### Brief
Exactly the lines below, starting with the one containing "Scatter plots at" and going on through the one containing "Four advertisements for", must be reproduced, both ends included, and no pictures with them.

------------

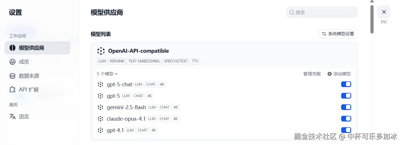 我们点击** Dify 的设置 , 进入模型供应商选项中,添加模型。**
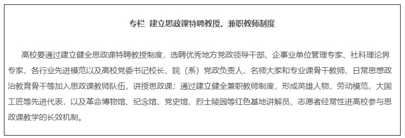 14.建設(shè)專兼結(jié)合的師資隊(duì)伍。各地各校嚴(yán)格按照要求配備建強(qiáng)高校專職思政課教師、輔導(dǎo)員隊(duì)伍,提高中小學(xué)專職思政課教師比例,實(shí)行思政課特聘教授、兼職教師制度,積極聘請(qǐng)黨政領(lǐng)導(dǎo)、科學(xué)家、老同志、先進(jìn)模范等擔(dān)任思政課兼職教師。深入實(shí)施馬克思主義學(xué)院院長(zhǎng)(書(shū)記)培養(yǎng)工程,通過(guò)集中培養(yǎng)培訓(xùn)、委托重大項(xiàng)目、加強(qiáng)實(shí)踐鍛煉、開(kāi)展國(guó)際國(guó)內(nèi)訪學(xué)等方式,培養(yǎng)一批青年馬克思主義理論家。
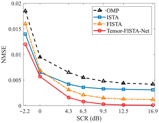 Scatter plots at different SCR levels. (a) OMP; (b) ISTA; (c) FISTA; (d) OTFS-FISTA-Net.
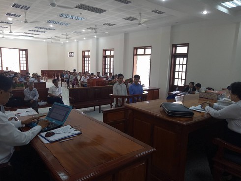 Quang cảnh phiên tòa xét xử sơ thẩm vụ sập cầu Ghềnh (Đồng Nai). |
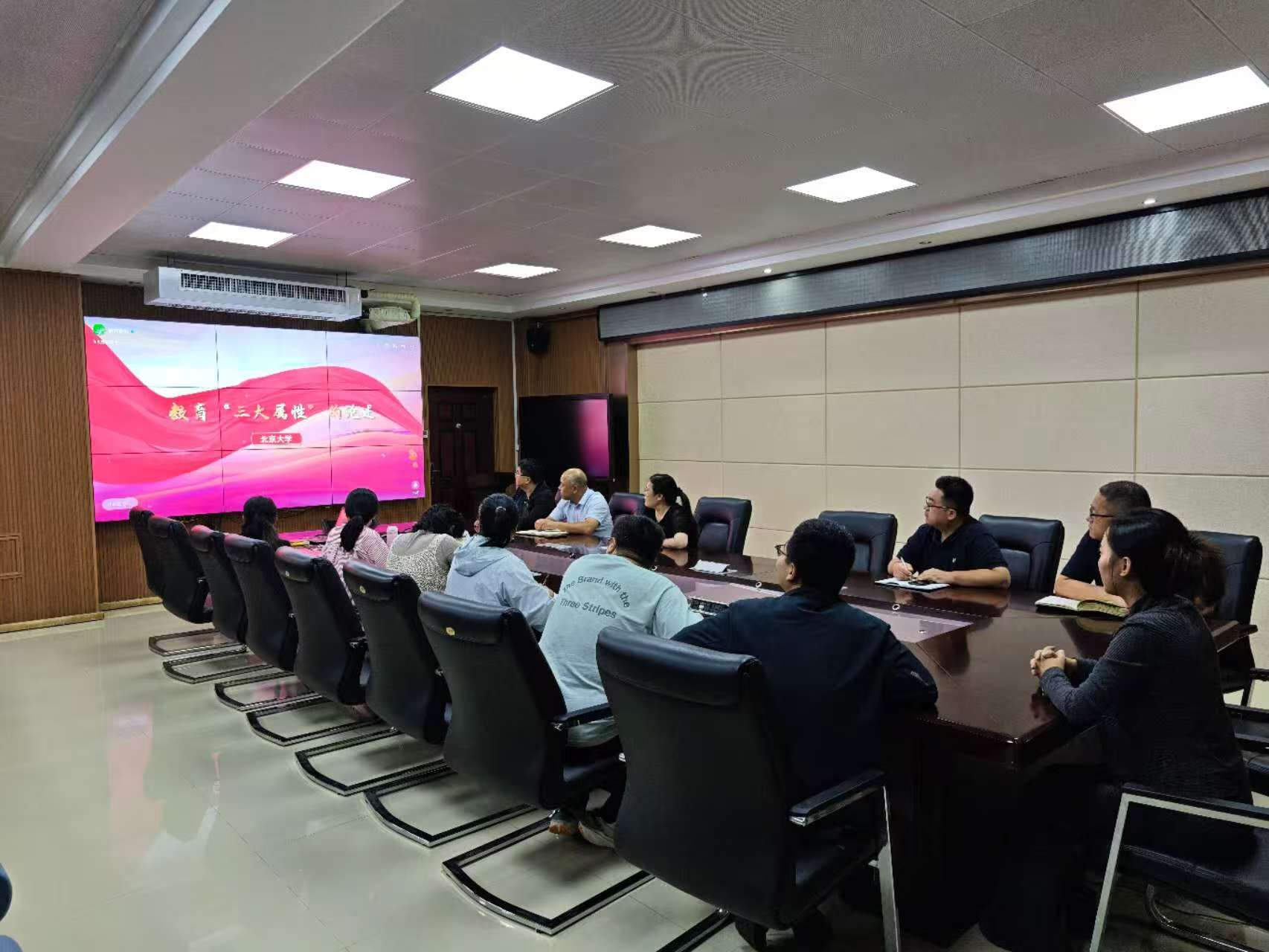 9月12日下午,我校教务处党支部全体党员齐聚一堂,共同收看2025年高校党组织示范微党课(第二阶段)直播。本次微党课以“深刻把握教育三大属性,谱写教育强国时代新篇”为主题,由北京大学、南开大学、陕西师范大学、中国科学技术大学师生党员代表主讲,深入阐释了教育的政治属性(铸魂定向)、人民属性(固本强基)、战略属性(谋篇布局)的深刻内涵及实践要求。
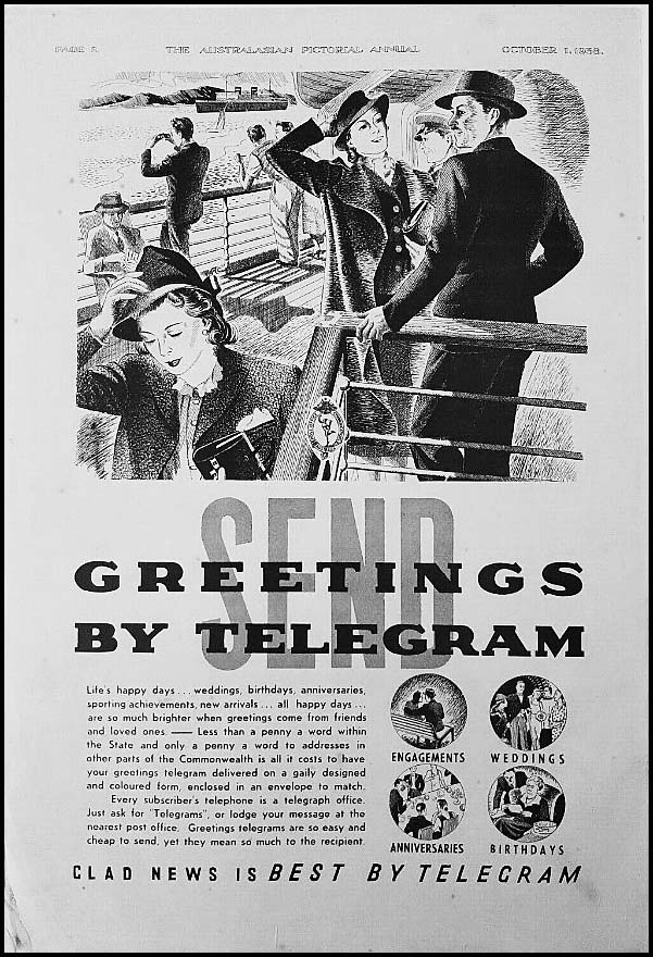 Four advertisements for Social Telegrams - this design being available from 1936 to 1942.
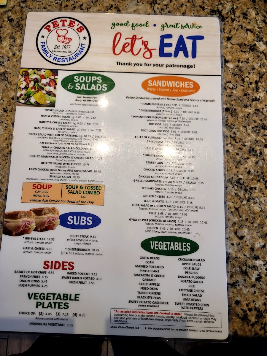 Looking for a cozy spot to enjoy some delicious food with your loved ones? Pete's Family Restaurants Menu offers a variety of dishes that’ll satisfy just about any craving. Located at 2661 Lewisville Clemmons Rd, Clemmons, NC, this place is perfect for a casual meal, whether you're in the mood for hearty comfort food or something lighter. From sizzling burgers to fresh salads, there’s something for everyone here.
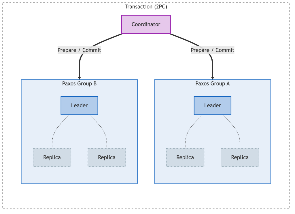 これに対して,Spanner の 2PC における参加者は Paxos Group (i.e. 複数台のチーム) であり,チーム内の誰かがダウンしても,過半数が生きていればチームとしては正常に稼働し続けます.つまり Spanner は,2PC の最大の弱点である可用性の低さを Paxos の強靭さでカバーすることで,止まらない 2PC を実現しているわけです.
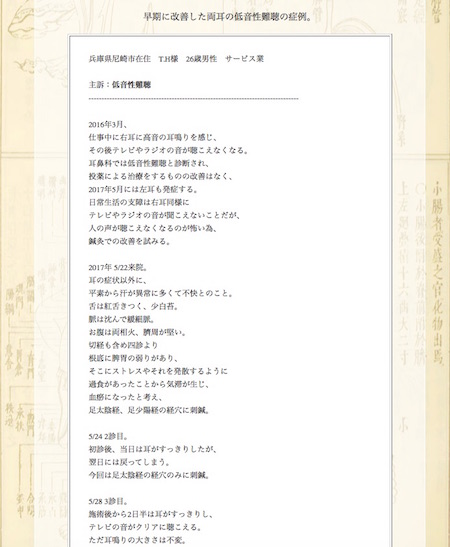 低音性難聴でお悩みの兵庫県尼崎市のT.H様の鍼灸治療症例集です。
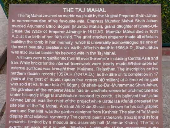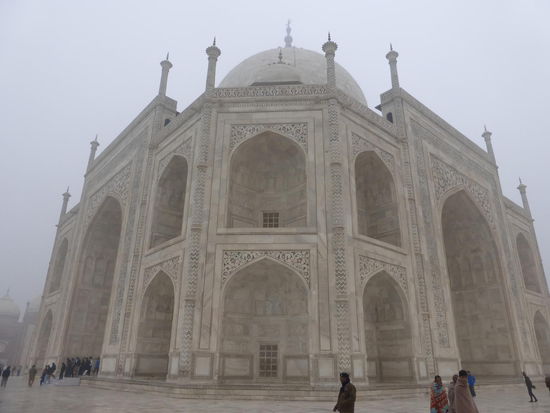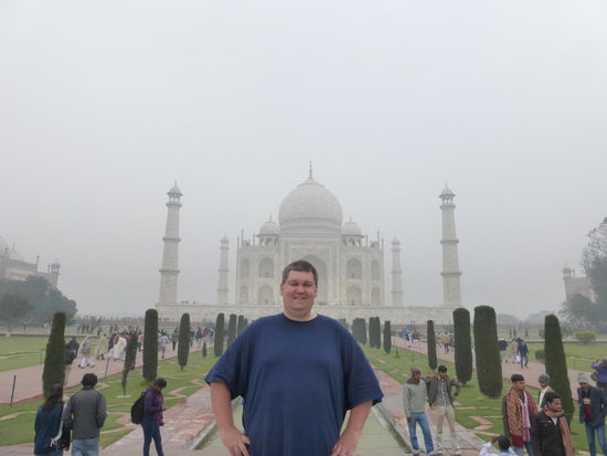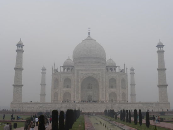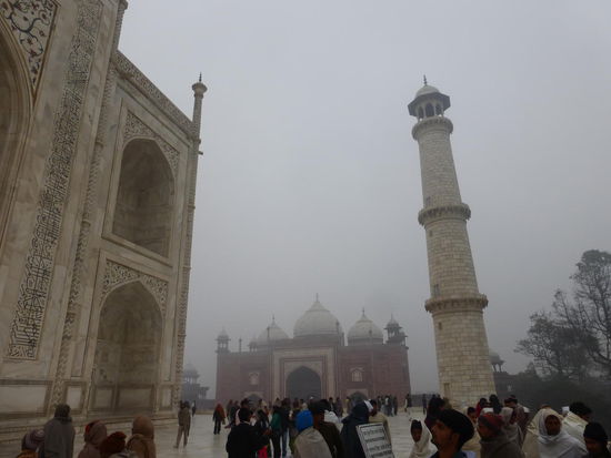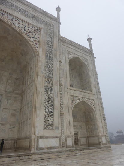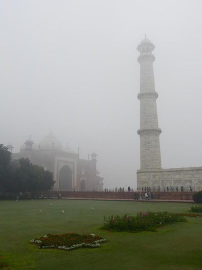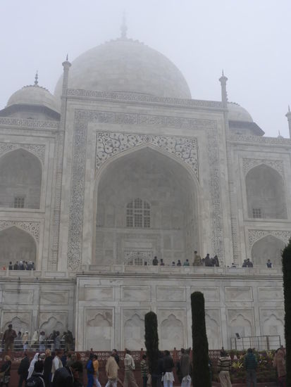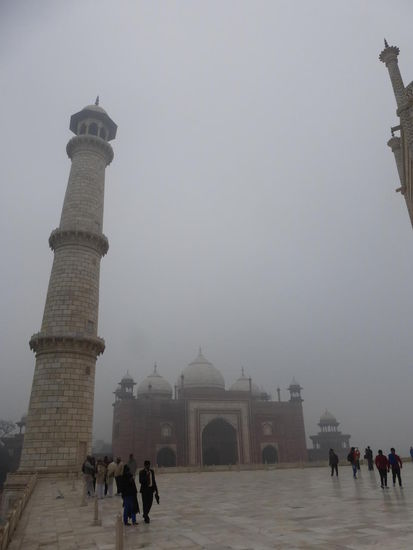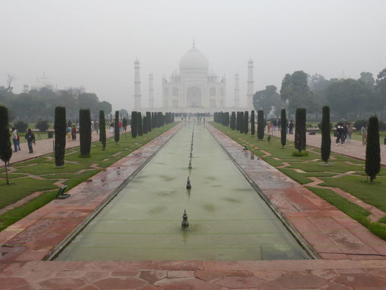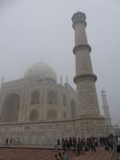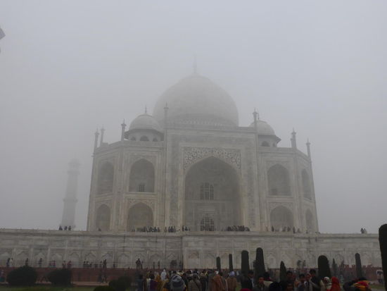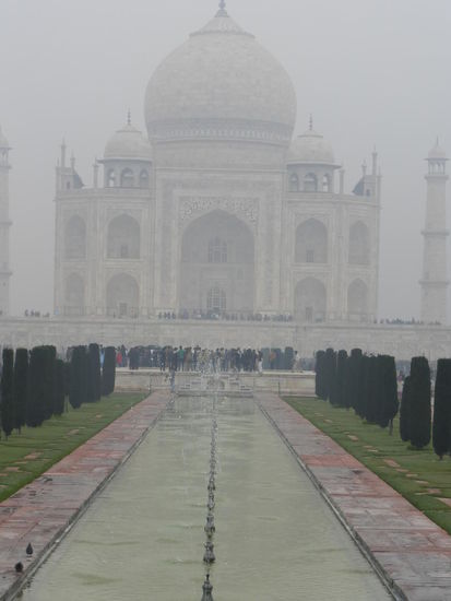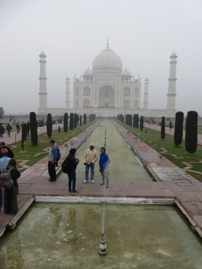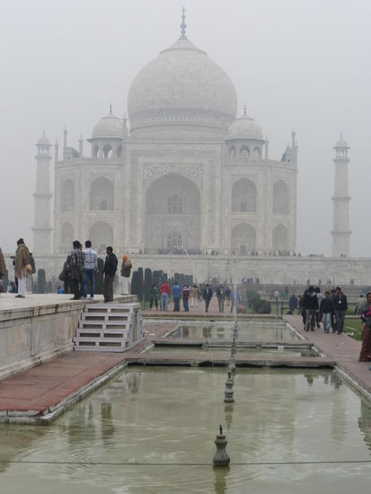 Heute ist mein 3. Tag in Agra und auch der letzte bevor es morgen wieder zurück geht nach Delhi und von dort aus weiter in Richtung Heimat. Und ebenfalls Heute werde ich das Nationalsymbol Indiens schlechthin besuchen was für viele Menschen als eines der schönsten Bauwerke der Welt gilt. Es ist das Mausoleum was der Großmogul Shah Jahan für seine 1631 verstorbene Frau und große Liebe Mutmaz Mahal erbauen ließ natürlich das Taj Mahal !! Es gilt bis heute als eine Perle der Mogul - Architektur und ist die meist besuchte Sehenswürdigkeit Indiens. Schon vor den Toren stehen Tausende Menschen hauptsächlich Inder aber auch einige Ausländer u.a. auch aus Deutschland, Österreich und der Schweiz an den Kassen an um ein Tiket zu bekommen . Die Inder zahlten natürlich wie so oft nur ein Bruchteil von dem was wir Ausländer zahlen durften. Ich hatte leider etwas Pech mit dem Wetter denn es hing dichter Nebel über dem Bauwerk. Meine Videokamera mußte ich abgeben aber Fotos durfte ich machen. Innerhalb des Geländes wurde ich dann immer mehr begehrtes Foto - Objekt warum auch immer für viele Indische Familien oder auch Firmen die Ihre Mitarbeiter zum Betriebsausflug eingeladen hatten. So mußte ich mehrmals deutlich darauf hinweisen das ich nicht das Taj Mahal bin sondern dieses weiter vorne im Nebel versteckt steht was natürlich für einiges Gelächter sorgte. Ob das Taj Mahal letztendlich wirklich das schönste und beeindruckenste Bauwerk in Indien ist muß sicher jeder für sich selber entscheiden aber für mich persönlich ist es ein Highlight unter vielen in diesen Land . Meine persönliche Top Ten Liste am Ende dieses Kapitels. Seit 1983 gehört das Taj Mahal zum UNESCO WELTKULTURERBE .
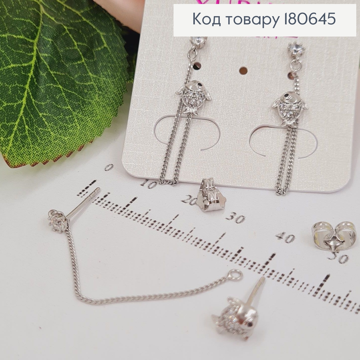 Сережки родированые рыбки с камнями на два прокола, Хuping
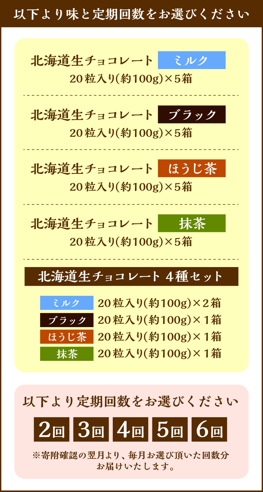 【ふるさと納税】<選べる味・定期便>《冷凍》北海道生チョコレート ミルク / ブラック / ほうじ茶 / 抹茶 / 4種セット 1ヶ月毎 2回~6回 1回あたり計約500g(約100g×5箱) 合計100粒(1箱20粒入り) チョコレート チョコ スイーツ お菓子 デザート おやつ 国産 送料無料
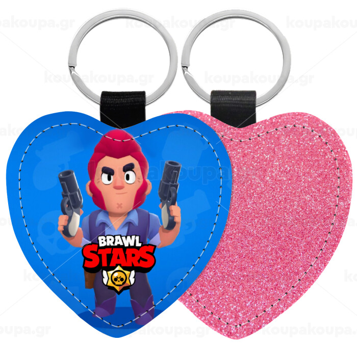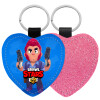Brawl Stars Colt, Μπρελόκ PU δερμάτινο glitter καρδιά ΡΟΖ
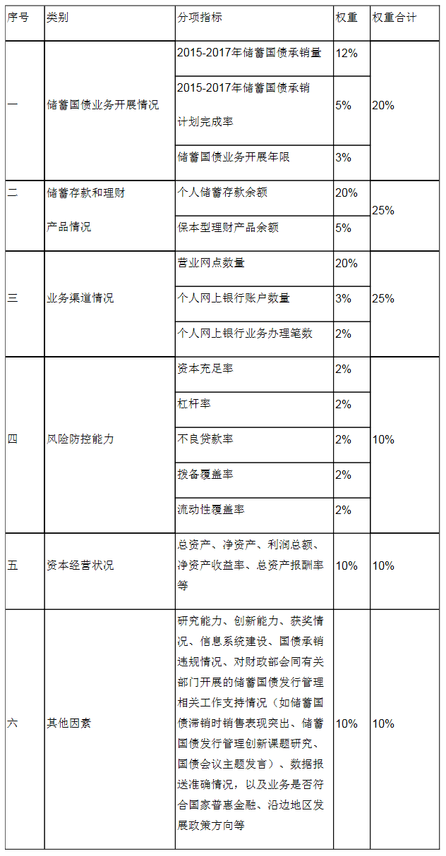 评审指标包括6个方面:储蓄国债业务开展情况、储蓄存款和理财产品情况、业务渠道情况、风险防控能力、资本经营状况、其他因素,权重分别为20%、25%、25%、10%、10%、10%(详见表1)。
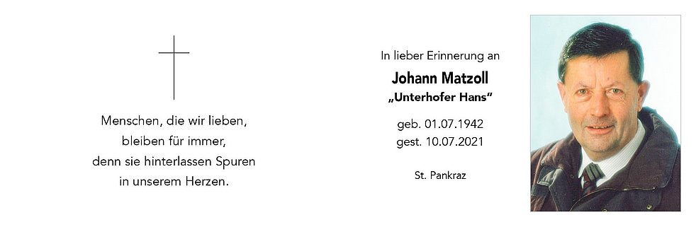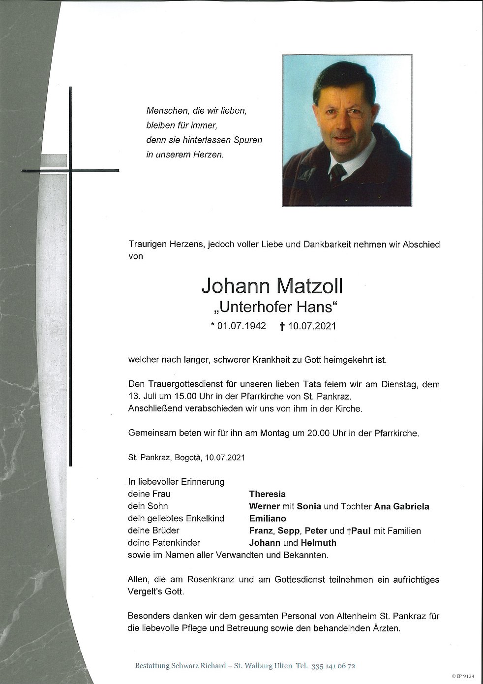Den Trauergottesdienst für unseren lieben Tata feiern wir am Dienstag, dem 13. Juli um 15.00 Uhr in der Pfarrkirche von St. Pankraz.

------------

### Solved problem
 Scatter plots at different SCR levels. (a) OMP; (b) ISTA; (c) FISTA; (d) OTFS-FISTA-Net.
 Quang cảnh phiên tòa xét xử sơ thẩm vụ sập cầu Ghềnh (Đồng Nai). |
 9月12日下午,我校教务处党支部全体党员齐聚一堂,共同收看2025年高校党组织示范微党课(第二阶段)直播。本次微党课以“深刻把握教育三大属性,谱写教育强国时代新篇”为主题,由北京大学、南开大学、陕西师范大学、中国科学技术大学师生党员代表主讲,深入阐释了教育的政治属性(铸魂定向)、人民属性(固本强基)、战略属性(谋篇布局)的深刻内涵及实践要求。
 Four advertisements for Social Telegrams - this design being available from 1936 to 1942.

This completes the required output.